The next day, the group roles were reversed: Brown eyes were given all the privileges at the expense of the blue eyes. The blue eyes, who had been superior, began to act timidly, and the brown eyes began to act aggressively, though less aggressively than the blue eyes had because they (the brown eyes) were able to empathize with the suddenly underprivileged blue eyes. While in the inferior status, both groups performed worse academically.

The teacher was chastised by parents and fellow teachers but received praise from outside her immediate community.

I experienced a mild form of discrimination when I went to Texas and was called a “Yankee.”

Francine: My son, who happens to have some Italian blood and is therefore somewhat dark-skinned, went with a friend to check out the Adventist Southern Academy in Chattanooga but were treated so rudely and unwelcomingly that they decided the school was not for them.

Emma: I grew up in a town of mainly Irish Catholics. When the war broke out, many southerners, mainly Irish Protestants, moved to the town for the jobs it offered. The enmity between the two groups was strong, to the point where many Irish Catholics moved out.

David: Racism is alive and well in Hawaii. Native Hawaiians (even those with a relatively small percentage of native Hawaiian blood) feel they have been cheated of their land and heritage, which (to America’s shame) is essentially true, though some reparations have been made. They particularly dislike whites, whom they call “haoles”–a regular Hawaiian word imbued with pejorative and racist overtones. I have personally been threatened and told to “go home.”

Robin: We will close with another community statement written in 1946 called “First They Came” by Martin Niemöller who was originally a Nazi sympathizer but later changed his mind:

First they came for the communists,
and I didn’t speak out because I wasn’t a communist.

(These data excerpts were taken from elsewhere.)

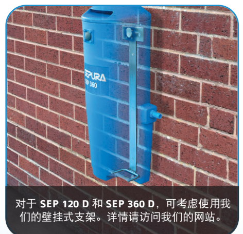
对于 SEP 120 D 和 SEP 360 D，可考虑使用我们的壁挂式支架。详情请访问我们的网站。

成品 SEP 120 D SEP 360 D SEP 900 D SEP 1250 D 装置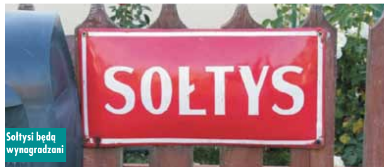
Sołtysi będą wynagradzani

lat, a mężczyzn 65 lat, nie byli skazani prawomocnym wyrokiem za przestępstwo lub przestępstwo skarbowe popełnione w związku z pełnieniem funkcji sołtysa.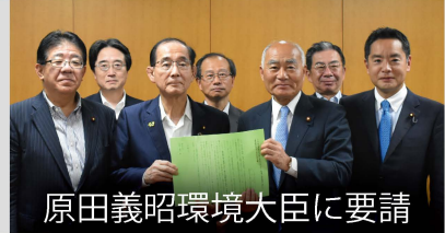
原田義昭環境大臣に要請

「森林を活かす都市の木造化推進議員連盟」を設立し、幹事に就任しました。日本の美しい森林を守り育てて行くためには、都市と地方の連携も大切です。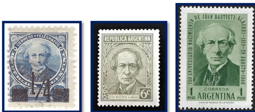
Sellos postales de “Juan Bautista Alberdi”

Regresó brevemente a Buenos Aires en 1878 cuando obtuvo una candidatura a diputado, pero se enfermó y volvió a Francia, donde murió el 19 de junio de 1884. Sus cenizas descansan en la casa de gobierno de Tucumán. Cada 29 de agosto se celebra en su honor, el Día del Abogado.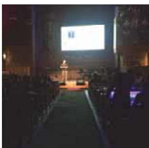
Vox (s 7)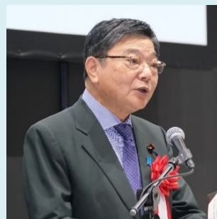
古川 康 国土交通副大臣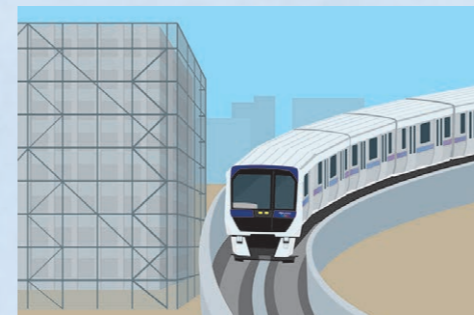
足場を使った作業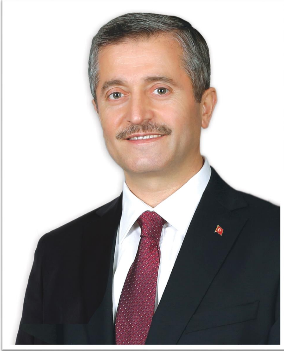
MEHMET İHSAN TAHMAZOĞLU ŞAHİNBEY BELEDİYE BAŞKANI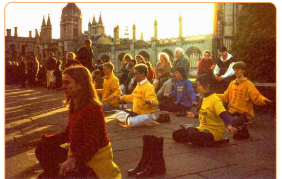
◎ 剑桥大学国王学院楼前广场上，法轮功学员晨炼的身影，给这所著名学府带来了勃勃生机。

全世界几乎所有的国家都赞成修炼法轮功，为什么只有中国大陆不允许？如果真像中共所抹黑宣传的那样，那为什么没有第二个国家禁止学炼呢？人啊，应该用自己的头脑去辨析。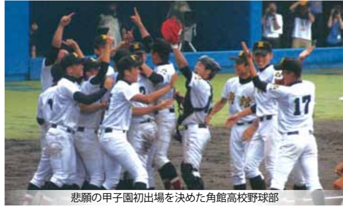
悲願の甲子園初出場を決めた角館高校野球部

Then they came for the socialists,
and I didn’t speak out because I wasn’t a socialist.

Then they came for the trade unionists,
and I didn’t speak out because I wasn’t a trade unionist.

Then they came for the Jews,
and I didn’t speak out because I wasn’t a Jew.

Then they came for the Catholics,
and I didn’t speak out because I wasn’t a Catholic.

Then they came for me,
and there was no one left to speak for me.

Perhaps community should not just “be”—it should do. Perhaps we could think of what we might do as a class towards creating a better community.